Description of the task:
Where the line containing "If you are an" appears in the records below, begin there and repeat each line exactly through the final one, dropping all pictures.

Records excerpted from a collection:
************
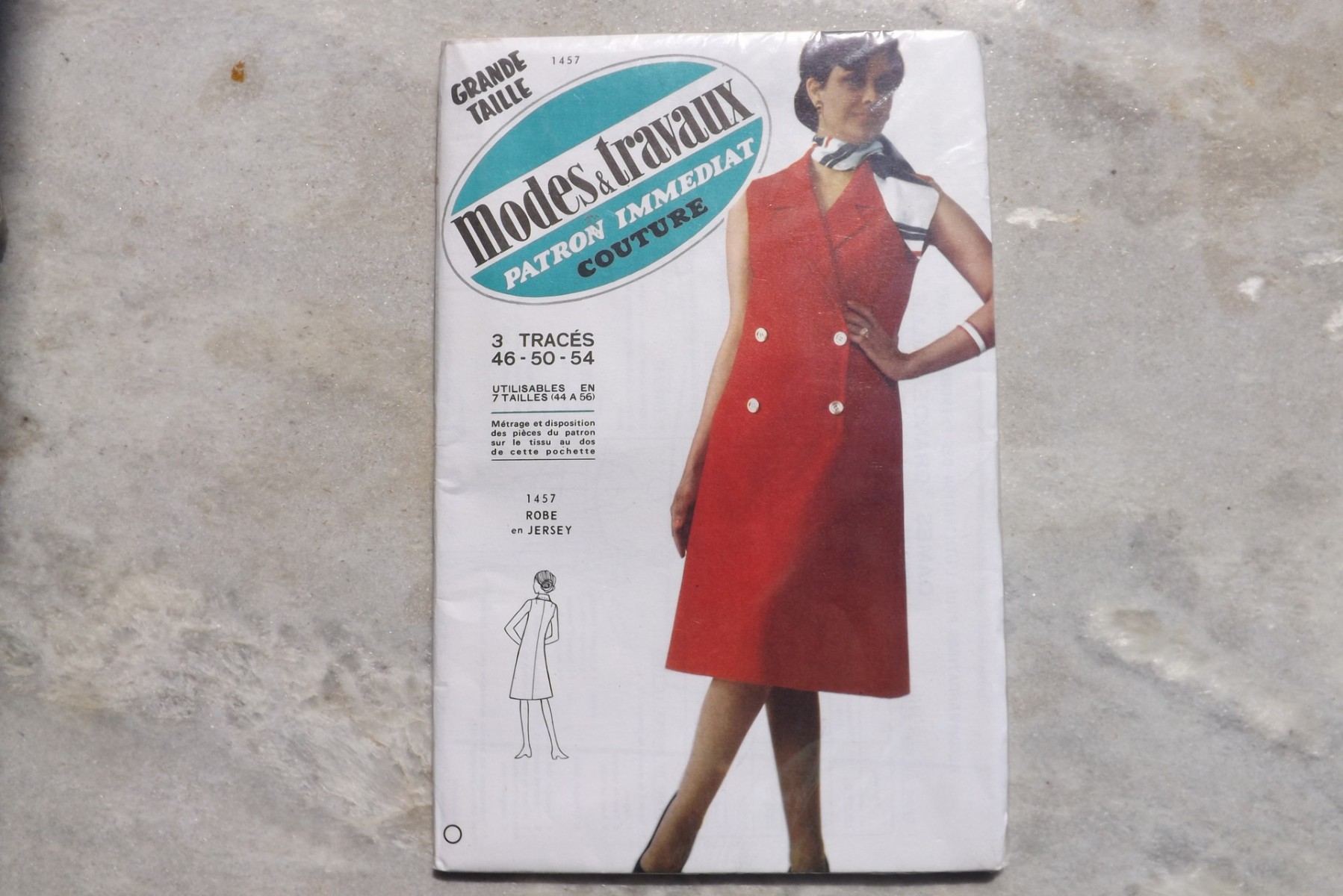 Ce patron est en papier, il n'a pas été utilisé; il vous suffit de découper le long du trait qui correspond à votre taille. Le plan de coupe est au dos de la pochette et les schémas d'assemblage et explications sont dans la pochette.
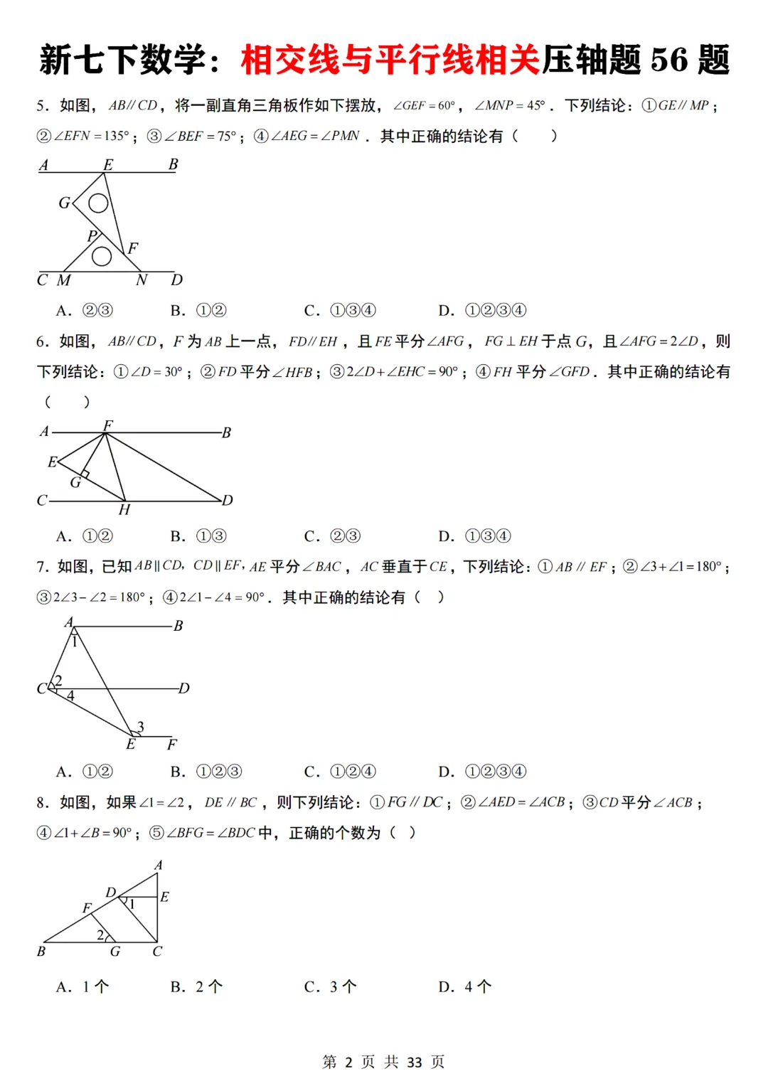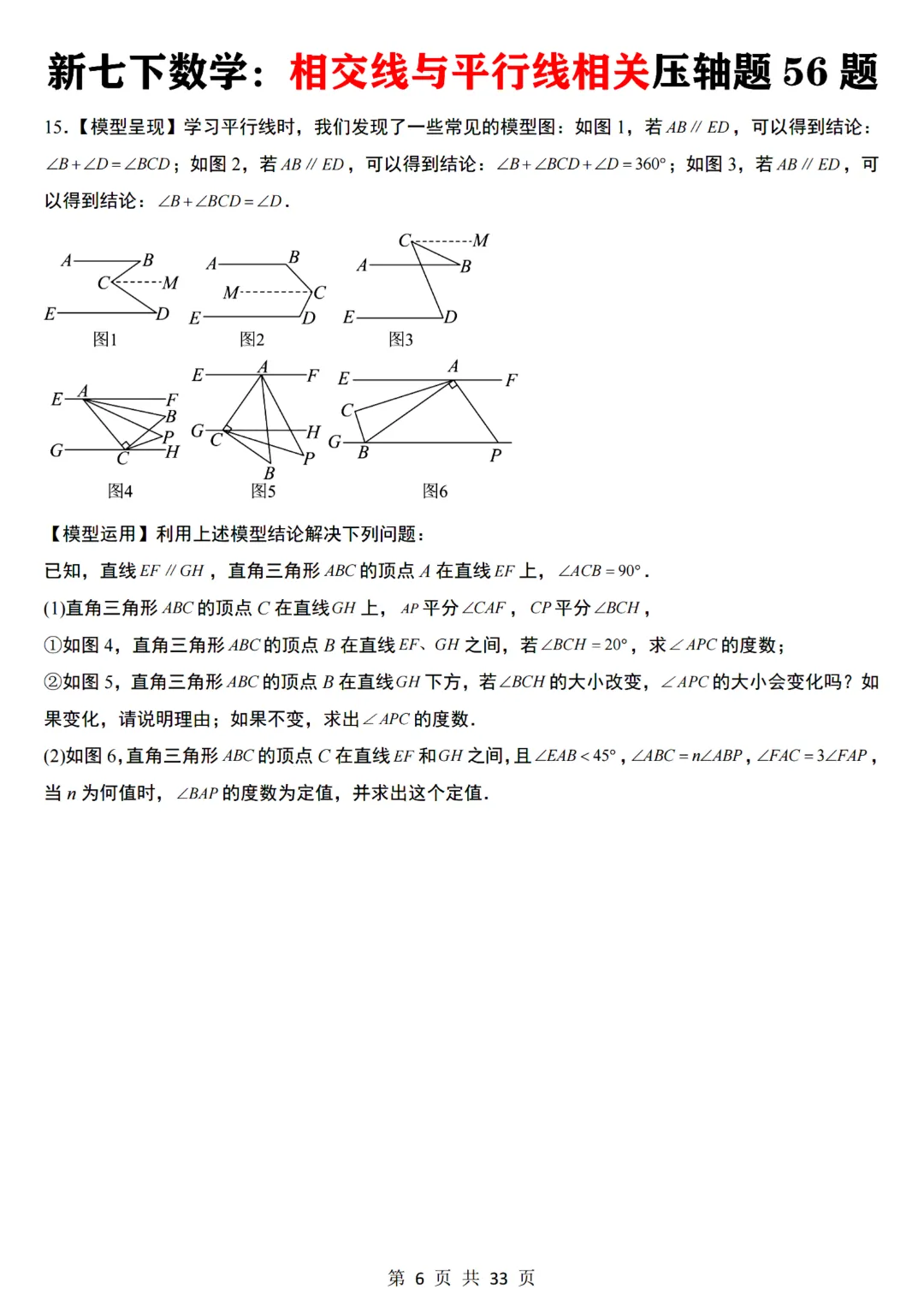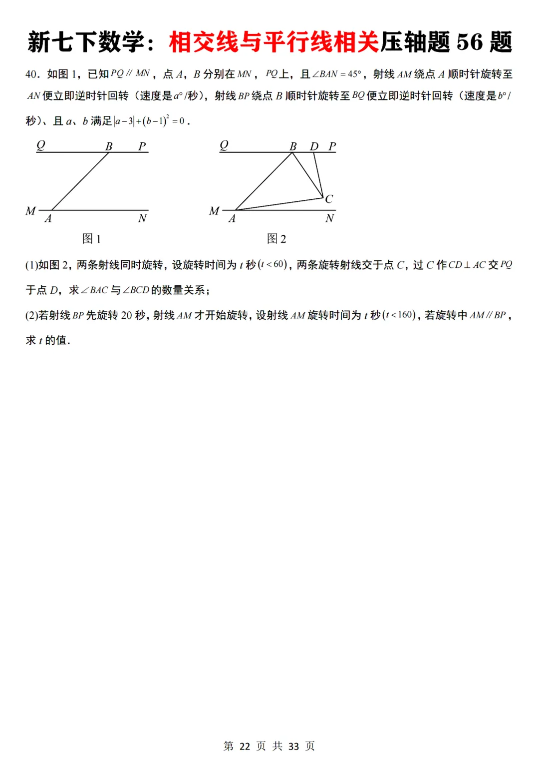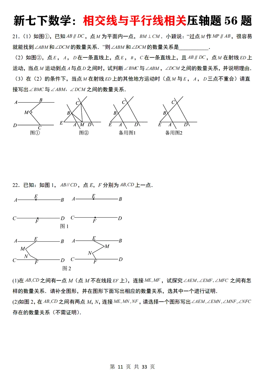 今天给大家分享的是:【七下数学通用版】初一下册数学相交线与平行线相关压轴题共56题带答案,完整电子版可打印
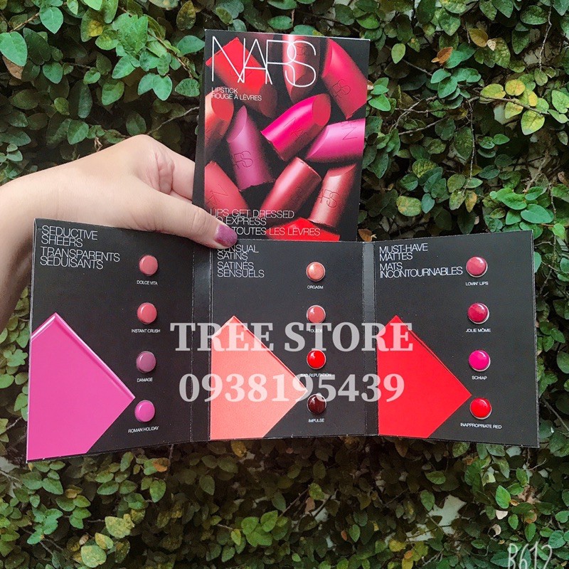Vỉ son Nars gồm 12 màu, đủ loại từ Sheer đến Matte - đủ màu Một ô dùng cũng phải 4-5 lần nha (tuỳ mỗi người) -----------------------
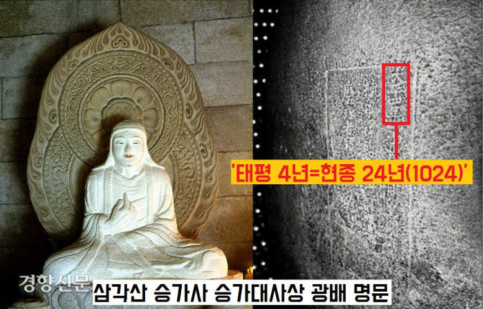 삼각산 승가사 뒷편 석굴에 조성된 등신좌상의 광배에 ‘태평4년’이라는 명문이 새겨져 있다. ‘태평’은 요(거란) 성종의 연호(1021~1031)이니 ‘태평 4년’은 현종 15년(1024년에 해당된다.
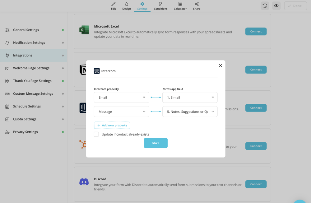If you are an Intercome user, you can now integrate your forms with Intercom and create contacts & conversations automatically from form responses.
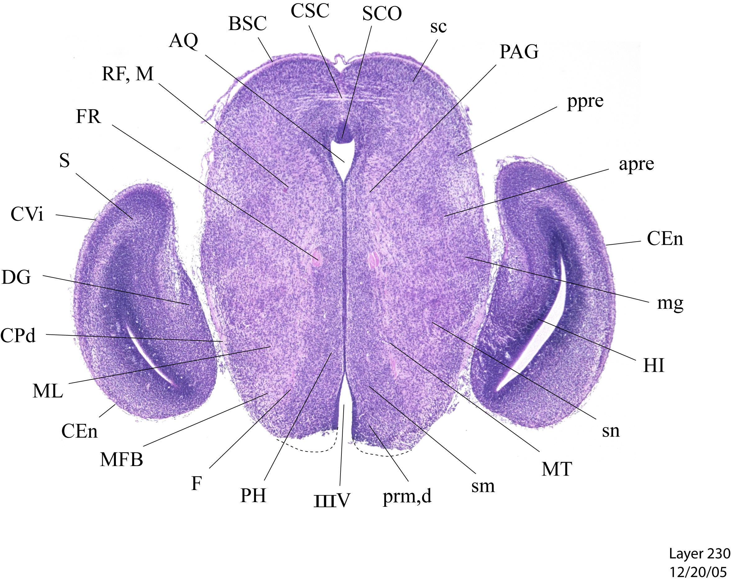 Currently on section: 230 View [ hi-res w/scale bar represent 1mm. ] [ Zoomify ]
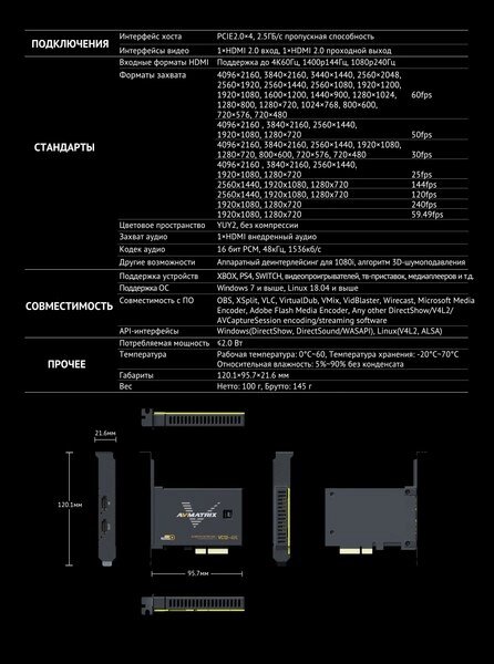 Устройство видеозахвата Avmatrix VC12-4K HDMI PCIE / 29982
************
Your solution:
If you are an Intercome user, you can now integrate your forms with Intercom and create contacts & conversations automatically from form responses.
 Currently on section: 230 View [ hi-res w/scale bar represent 1mm. ] [ Zoomify ]
 Устройство видеозахвата Avmatrix VC12-4K HDMI PCIE / 29982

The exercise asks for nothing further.